Daniel reviewed their current income and expenses and developed a detailed Spending and Savings Plan taking into account their anticipated future income and expenses when their child arrives. This included tax-efficiently balancing savings within their business with personal savings in RRSPs, TFSAs, and non-registered accounts.
Daniel also explored the implications of a business sale with Wade and Joan, and co-ordinated his recommendations with their accounting team so everyone was on the same page.
Based on the combined financial strategies Daniel recommended, it is projected that this couple will save close to $1 million in tax over the course of their lives, resulting in higher spending during retirement or a greater legacy passed on to their child and the important causes that Wade and Joan support.
I’ll end with a story about my former clients, though it is a common situation amongst our retirement planning clients.
During the 2010s I worked with a couple, Fred and Lydia, with two kids in university. At the peak of their careers, Fred was an executive who earned over $200K per year, while Lydia was a consultant who worked from home with a similarly impressive income.
They were anticipating retirement in a few years and wanted to know what they needed to do now to ensure they would be ok when they gave up their high-paying careers. Neither of them would be receiving a pension from their employers, so it was up to them to provide the bulk of their retirement income to support the lifestyle they wanted to live.
Their fundamental and very common questions: When can we retire? Will we be ok?
Fred and Lydia also wanted to leave a modest inheritance for their kids and donate to important causes they support.
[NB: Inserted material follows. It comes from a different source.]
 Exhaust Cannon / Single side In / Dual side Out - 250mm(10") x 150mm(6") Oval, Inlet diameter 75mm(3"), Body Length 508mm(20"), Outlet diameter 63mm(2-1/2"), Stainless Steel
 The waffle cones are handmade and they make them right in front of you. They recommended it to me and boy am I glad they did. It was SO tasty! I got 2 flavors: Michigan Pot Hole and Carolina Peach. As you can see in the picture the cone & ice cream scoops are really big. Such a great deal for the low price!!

With different types of investment assets (stocks, mutual funds, real estate) in different locations and with different managers, I worked with Fred and Lydia to create a single clear view of all their assets and liabilities, map out their current cash flow, and clarify their important priorities and life goals so we could create a picture of their desired future retirement.
With this as a starting point, we could create a Spending and Savings Plan to quantify their future cash flow needs and run retirement projections to explore various investment and tax strategies that would meet their retirement and legacy goals – with a healthy safety margin!
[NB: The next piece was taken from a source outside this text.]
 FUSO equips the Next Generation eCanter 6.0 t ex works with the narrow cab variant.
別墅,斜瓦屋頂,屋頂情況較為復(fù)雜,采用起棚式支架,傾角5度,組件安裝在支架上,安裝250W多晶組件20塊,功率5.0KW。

Fred and Lydia were thrilled to hear that they could retire in two years if they really wanted to, but that working an additional year would give them an extra margin of safety that was worth the peace of mind to them. The tax planning strategies I recommended could also increase their after-tax estate value by over $200K, allowing more to go to their kids and charity, as was their goal.
When Fred and Lydia first came to me, they had already nearly achieved Financial Freedom (Stage 6 of 7), but they were anxious about making a mistake this late in the game and jeopardizing their retirement. Not only were they reassured that the plan presented would get them to the Financial Freedom they desired while minimizing risk, but we also had some fantastic discussions about moving to Financial Fulfillment (Stage 7), making this couple genuinely EXCITED about their impending retirement.
Regardless of the financial stage in which you find yourself, your net worth or investment portfolio size, or how complex or simple your life seems to be, a Money Coach can make a tremendous impact on your financial and mental well-being.